We examine Cq-Cq plots for the myocyte data in Figure 3A. When Cq values from the PE-invariant ERK2/MAPK1 gene are plot against a reference gene (GAPDH or Rps16), the points for both control and PE-treated myocytes overlap tightly. In contrast, plots of the ANF data against either reference gene consistently show a downward shift for PE-treated myocyte samples compared with controls, consistent with the fact that ANF gene expression is upregulated by PE.

graphic file with name chan-7-160-g3.jpg

Figure 3. Cq-Cq Plots and change in relative gene expression ratio. (A) Cq-Cq plots of gene of interest (ERK2/MAPK1 or ANF) vs. reference gene (GAPDH or Rps16). Data were fit either globally with the constraint that all slopes are identical (shown) or independently (not shown) for each sample. (B) Change in relative gene expression ratio for all samples. Ratios were determined by applying the fit-estimated Y-intercept from Cq-Cq plots and the estimated slope from the reference gene Cq-log(1/dilution) plots to Equation 5. “Independent” refers to results based on the independent fits of both Cq-Cq and Cq-log(1/dilution) plots, and “Constrained” refers to results based on the constrained fits. Using Grubb’s outlier test, a statistically significant biological outlier was determined and represented as solid symbols in (B).

The Cq-Cq plot presented additional benefits, both expected and unexpected. In the standard curve plots, one of the control myocyte samples appeared to contain a relatively low initial quantity of template (solid circles; Fig. 2A). In the Cq-Cq plot, this sample was indifferent from the other control samples, as expected since the plot represents the relative abundance of two genes. In the standard curve plots, one of the control myocyte samples exhibited a large variation around the linear fit, particularly for GAPDH (solid squares; Fig. 2A). Remarkably, even though this sample also showed large variation with the GAPDH gene, it averaged out in the range of the other samples in the Cq-Cq plots.

To quantify the change in relative gene expression between samples, we estimated the y-intercept from the Cq-Cq plots for each sample and estimates of E from the standard curve plots are required.
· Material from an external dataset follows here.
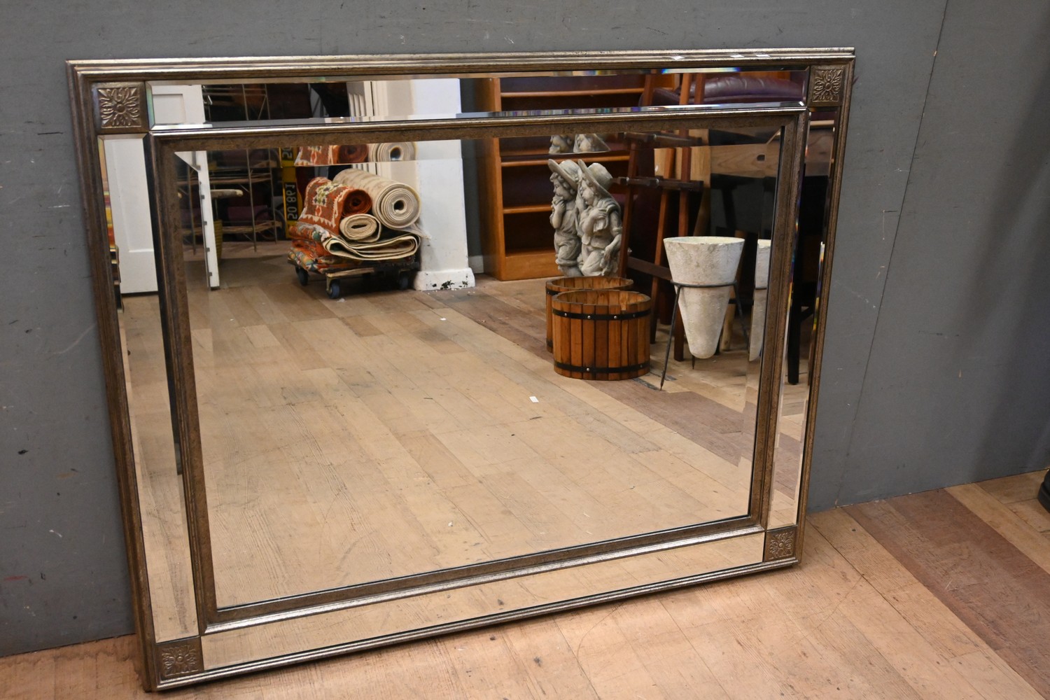 A LARGE BEVELLED EDGE MIRROR WITH CARVED DETAILING (101H X 126W CM) (LEONARD JOEL DELIVERY SIZE: LARGE)

Since the slope of the Cq-Cq plots is proportional to the relative PCR efficiencies of the genes, assuming that these values are indiscriminately invariant between reactions, the data can be fit independently or by constraining the slopes as the standard curve fitting described above.
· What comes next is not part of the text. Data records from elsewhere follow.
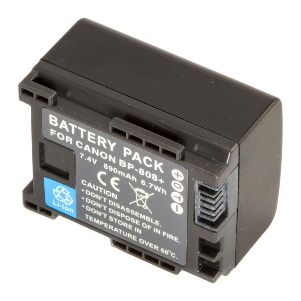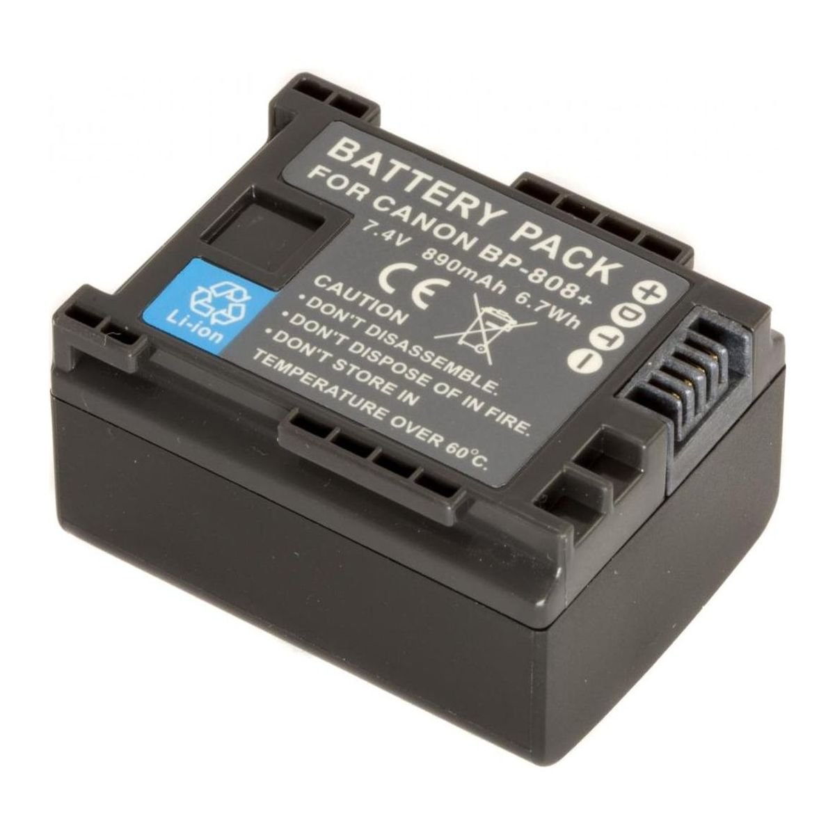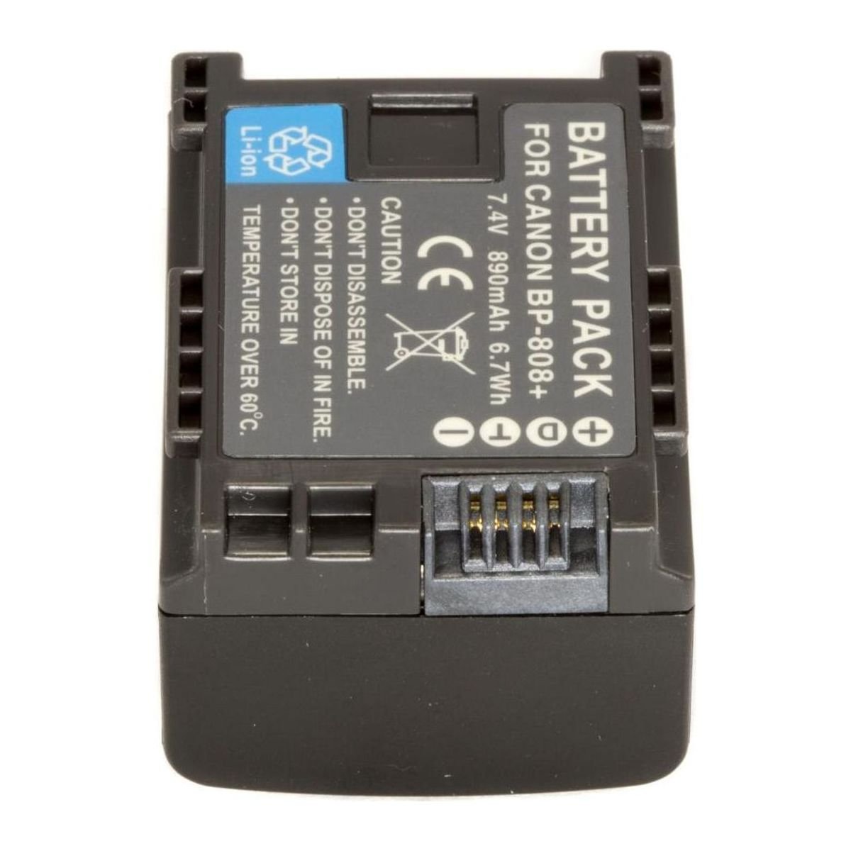 Батарея BP-808, ємністю 890 mAh, 100% сумісна з оригінальним акумулятором CANON BP-808. Батарея містить «інфо-чіп», який дозволяє відображати час заряду, що залишився, або кількість кадрів на дисплеї камери, і заряджати акумулятор як від оригінального зарядного пристрою CANON CG-800.
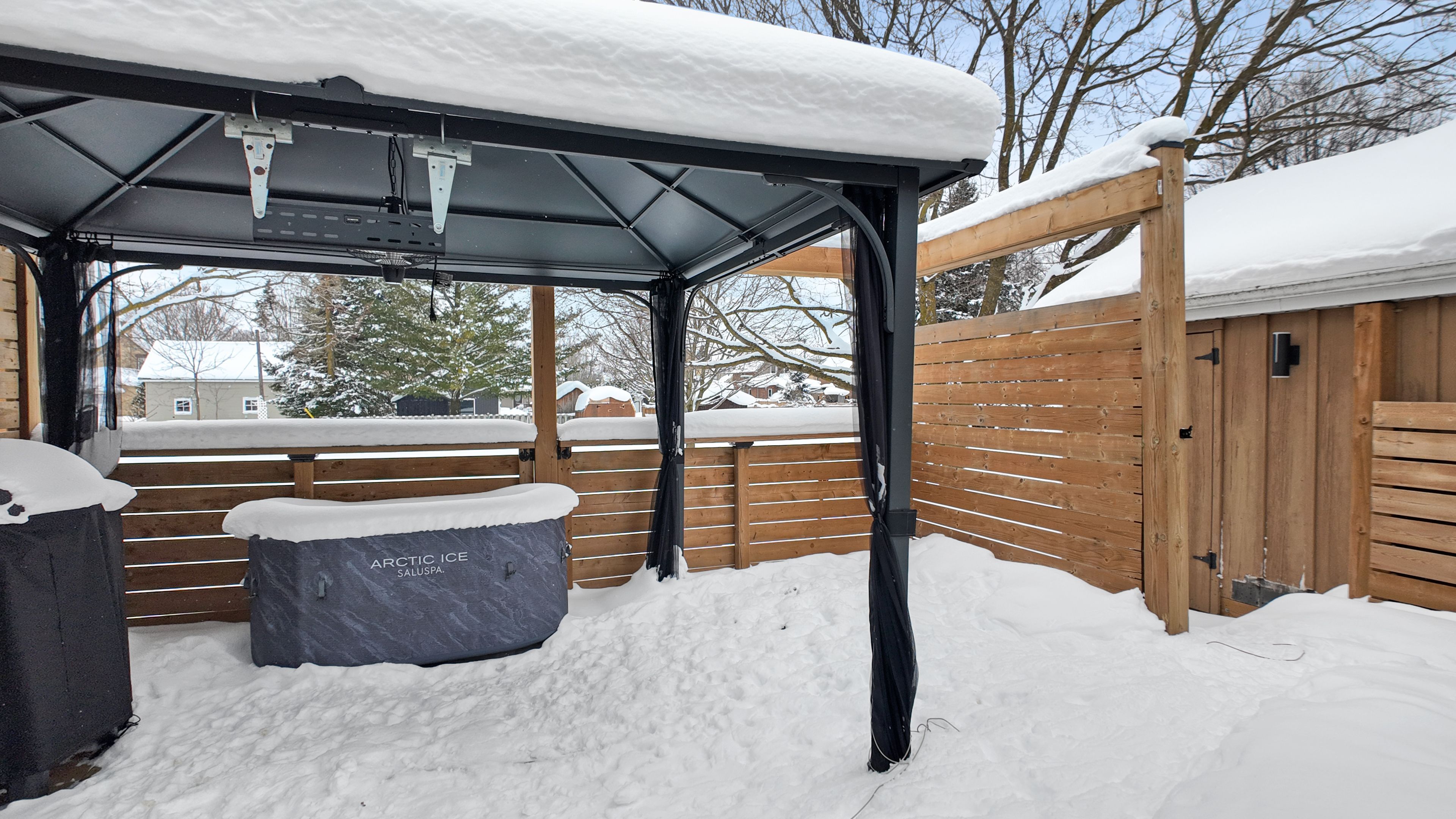 • Covered deck with gazebo for outdoor relaxation.
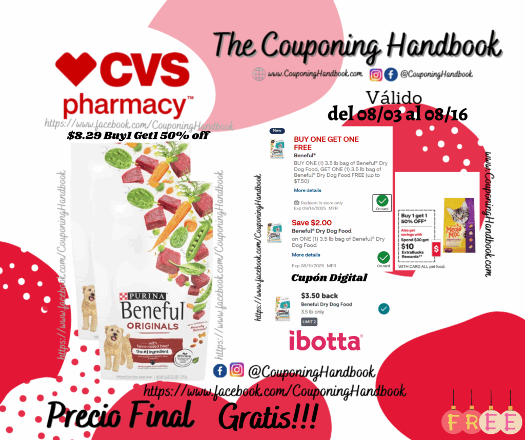 Compra 02 Dog Food & Treats Beneful Originals Dog Food, Real Beef, 3.5 lb ($8.29 Buy1 Get1 50% off), clipeamos los cupones digitales de: BUY ONE (1) 3.5 lb bag of Beneful® Dry Dog Food, GET ONE (1) 3.5 lb bag of Beneful® Dry Dog Food FREE (up to $7.50)… y $2/1 3.5 lb bag of Beneful® Dry Dog Food….; pagaremos $6.30 por los 02 productos.
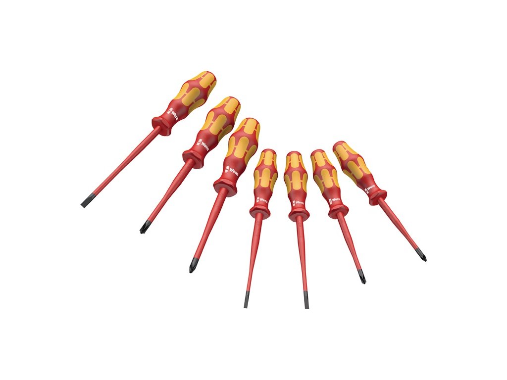 Sada skrutkovačov 160 iSS/7 7-dielna drážkovaná / PH / +-(SL / PZD) čepeľ a rukoväť extra tenká VDE WERA
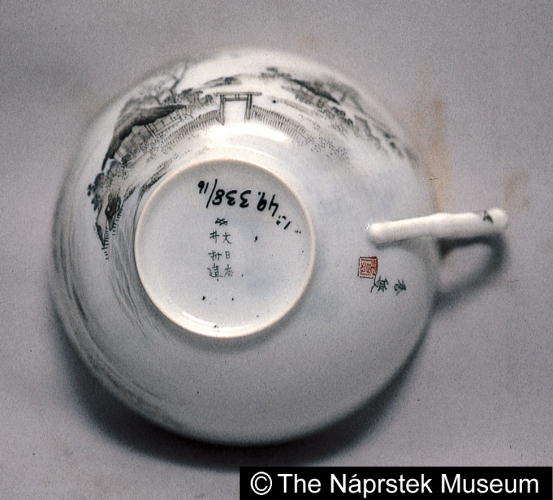 色絵山水文手付紅茶カップ皿/ Handled cup and saucer with landscape scenes |

We found that the constrained (identical slope) fit gave more consistent results compared with the independent fit of each sample. When both dilution-replicate standard curves and Cq-Cq plots were independently fit, the resultant estimated changes in relative gene expression by PE-treatment were sometimes highly variable for two of the samples (square and circle) for both reference genes (Fig. 3B). This large variance was primarily due to individual points in the Cq-Cq plots that skewed the fits (Fig. 3A; for ANF vs. Rps16, a single open circle; for ERK2/MAPK1 vs. GAPDH, the obvious solid squares and the inconspicuous solid circles). Remarkably, these large variations appeared to be effectively negated by the constrained fitting routine, resulting in similar estimated changes in relative gene expression with exception to a single sample (solid upward triangles), which did not appear affected by the PE-treatment. Aside from this sample, chronic PE treatment increased ANF gene expression from 10 to 100-fold, consistent with previous reports.8

We evaluated whether specific samples were in fact biological outliers based on the results of the Cq-Cq plots. From the data, there appeared to be a single sample where ANF expression appeared indifferent to PE-treatment regardless of the reference gene used (solid upward triangles in Figure 3B). Using Grubb’s test on the log-transformed changes in expression ratios, the ANF expression of this sample appeared to be significantly lower in the PE-treated myocytes as compared with the other samples only when the constrained fit data are used (p < 0.05). This may be due to the large variation in the independent fit data, which attests to the fact that outlier identification is especially difficult with few samples. None of the other determined changes in expression ratio were found to be significant outliers regardless of fitting routine used, reinforcing the notion that the constrained fit provides more robust and consistent results than the independent fits.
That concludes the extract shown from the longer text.